Task instructions: Only the pictures are dropped. Restate each line below word for word.

───── Material provided ─────

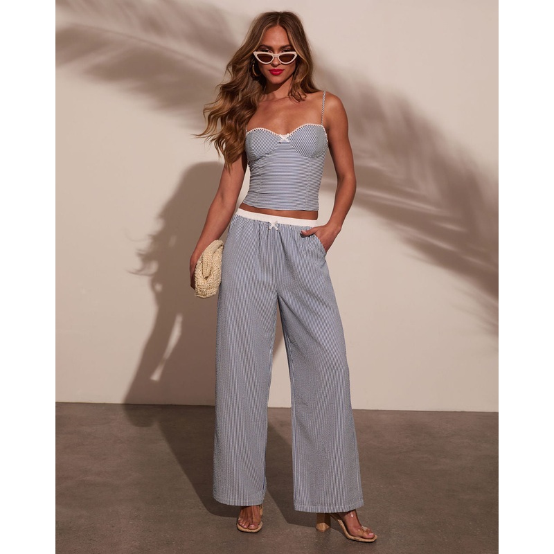 The Sarahphina Striped Wide Leg Pants bring breezy charm with a modern twist. Made from airy seersucker and finished with an easy pull-on elastic waistband, these pants are made for days when looking chic feels effortless. The soft stripes keep it classic, while a dainty mini bow at the front adds just the right touch of feminine flair. Pair them with the matching Sarahphina Striped Sweetheart Tank for a polished two-piece set.Seersucker fabric
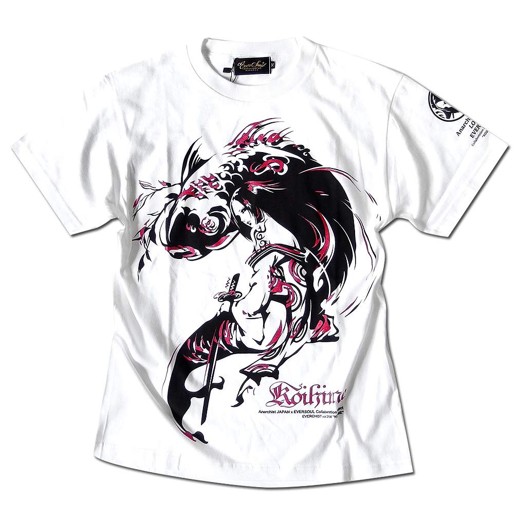 [EVERSOUL] エバーソウル Tシャツ 半袖 鯉姫 和柄 ガールプリント 女の子柄 キャラクター ラメ tシャツ Anarchist JAPAN メンズ ホワイト Mサイズ
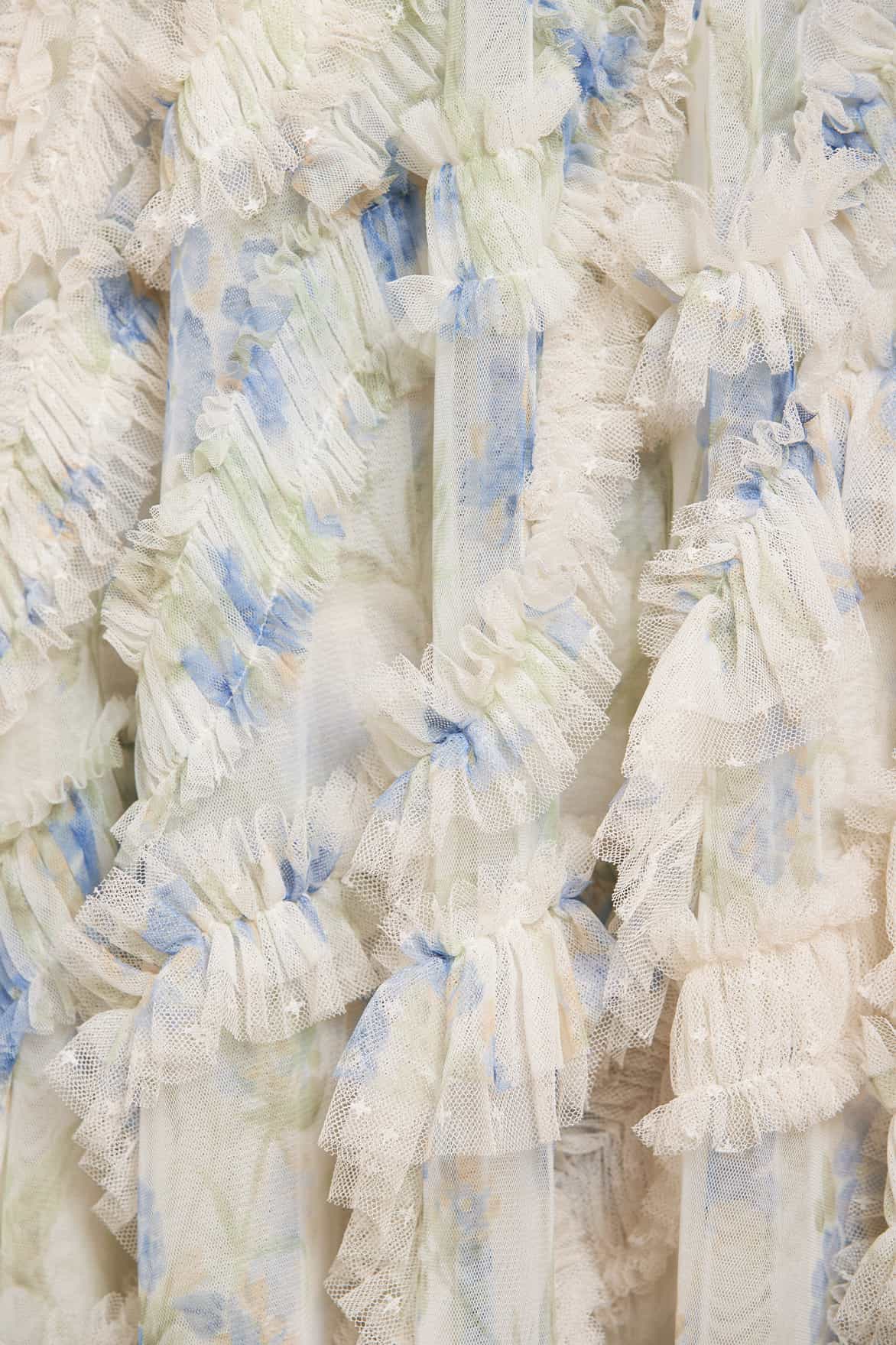 - Floral printed tulle decorated with tulle ruffles

─────

Solution below:
 The Sarahphina Striped Wide Leg Pants bring breezy charm with a modern twist. Made from airy seersucker and finished with an easy pull-on elastic waistband, these pants are made for days when looking chic feels effortless. The soft stripes keep it classic, while a dainty mini bow at the front adds just the right touch of feminine flair. Pair them with the matching Sarahphina Striped Sweetheart Tank for a polished two-piece set.Seersucker fabric
 [EVERSOUL] エバーソウル Tシャツ 半袖 鯉姫 和柄 ガールプリント 女の子柄 キャラクター ラメ tシャツ Anarchist JAPAN メンズ ホワイト Mサイズ
 - Floral printed tulle decorated with tulle ruffles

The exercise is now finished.